Shot over the period of 13 months and edited for a year-and-a-half, Western moves at a brisk, yet natural and fully lived in, pace. It isn’t until the first 30 minutes have passed that a hint of danger begins to creep in. There are brilliant flashes of foreboding throughout, yet they’re so subtle at first that you might wonder if you’re reading into things: grackles hovering on barbed wire fences; a torrential rain storm during a public gathering. But as the danger in Mexico arrives in Piedras Negras and edges ever closer to Eagle Pass, Western morphs into an outright thriller.

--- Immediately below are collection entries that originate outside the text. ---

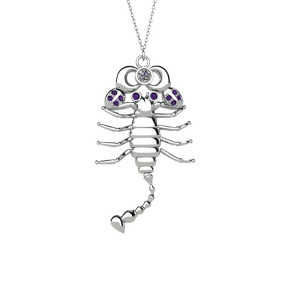 Pırlanta ve ametist 14 ayar beyaz altın kolye (0.24 karat, 40 cm beyaz altın rolo zincir)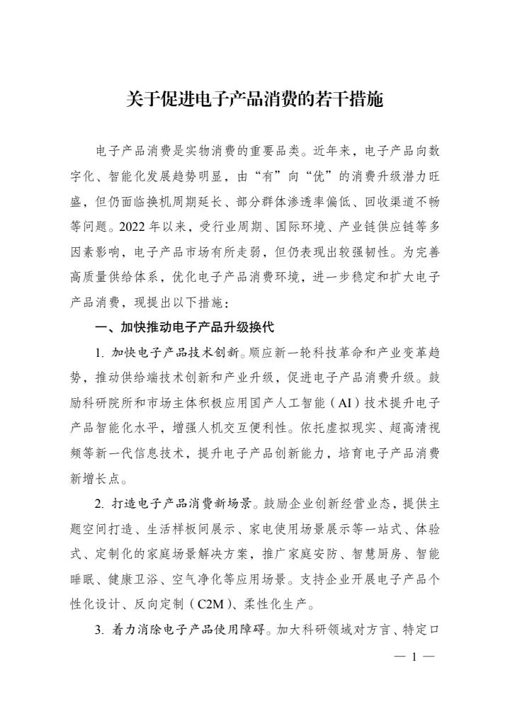 7月21日,国家发改委等部门印发《关于促进电子产品消费的若干措施》,措施中提到,为有效促进电子产品消费,助力消费恢复和扩大。持续推动家电下乡。有条件的地区可对绿色智能家电下乡、家电以旧换新等予以适当补贴,按照产品能效、水效等予以差异化政策支持。有序推进农村地区清洁取暖,提升农村用能电气化水平和可再生能源比重。因地制宜支持环保灶具、空气源热泵、燃气壁挂炉、太阳能热水器、家用储能设备等绿色节能家电推广使用。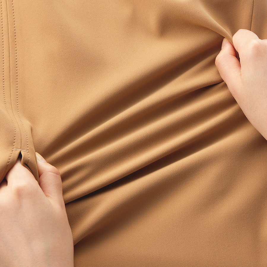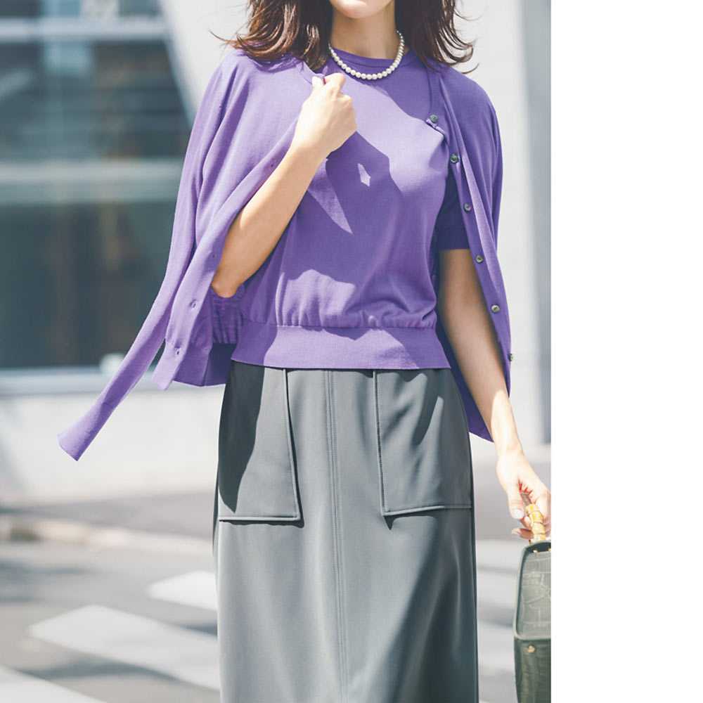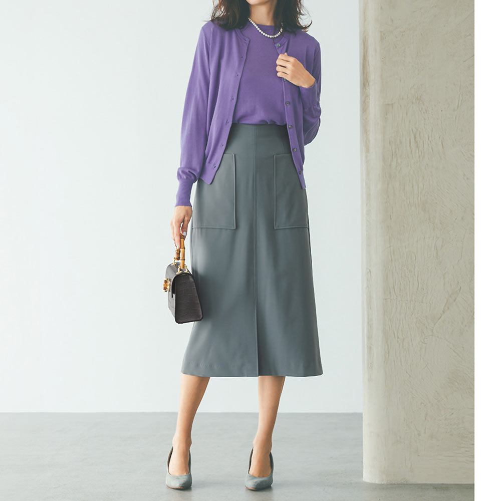 スタイルアップを叶える腰高見えスカート[ UVカット | 2wayストレッチ |防シワ ]腰高に見えると好評の美ラインスカートを、UVカット、2ウェイストレッチ、防シワの多機能素材に。縦のラインを強調する切り替えやステッチワーク、大きめのパッチポケット、深めの前スリットなど、スタイルアップして見せる工夫がいっぱい。・ハイウエストで腰高に見せる計算されたシルエットボディラインを拾いすぎず、すっきり腰高に見せるハイウエストのデザインで、スタイルアップ効果を狙いました。・深めの前スリットで脚をすっきりと見せて前スリットを深めに入れることで縦のラインを強調。同時にふくらはぎを細く見せられるように工夫しました。・まるでジャージー!2ウェイストレッチではき心地も楽ちん高い伸縮性をもつ2ウェイストレッチダブルクロスを使用。まるでジャージーのようなはき心地です。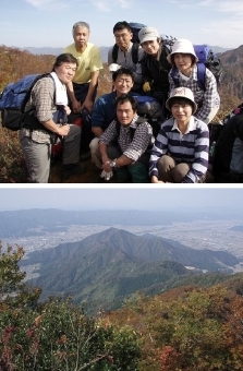 昼食は、皆で持ち込んだご馳走を分け合い、大宴会で盛り上がった。私の山と酒飲み仲間も感激し、特にツヨミさんの肉と、高橋さんのケーキが気に入った様子で、また行事があったら連れて行ってもらいたいとのことで、10月22日の金城山の計画にも参加することに決定した。宜しくお願いします とのことです。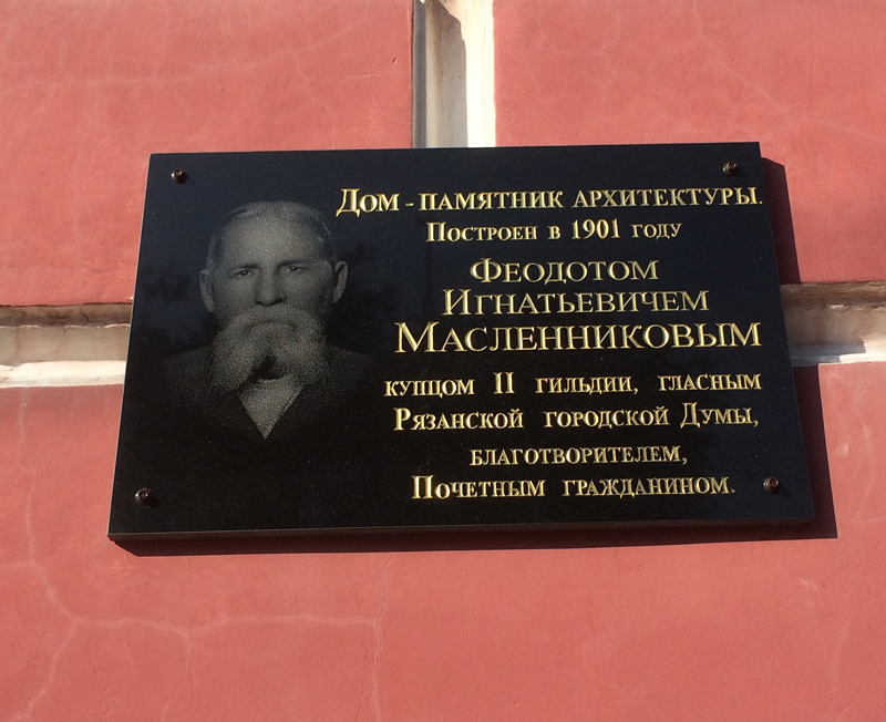 На угловом доме по улице Павлова (ранее Никольская) и Первомайскому проспекту (ранее Московская) установлена мемориальная доска, посвященная Феодоту Масленникову – церковно-общественному деятелю, лидеру рязанского старообрядчества, купцу, лесопромышленнику, благотворителю.

Without preaching or resorting to staid documentary tactics and by allowing their films to have genuine space, the Ross Brothers have fashioned their own unique voice, which fuses poetic filmmaking with cinéma vérité (there are several edits in this film that took my breath away). Ultimately, Western will perhaps be most remembered as a document of those individuals living on the literal frontline of the immigration debate in the early 21st century; by focusing on the humanity of those living in this small American town, and by taking a firm artistic stance as documentarians, the Ross Brothers have said more with this 90-minute film than a thick stack of articles ever could.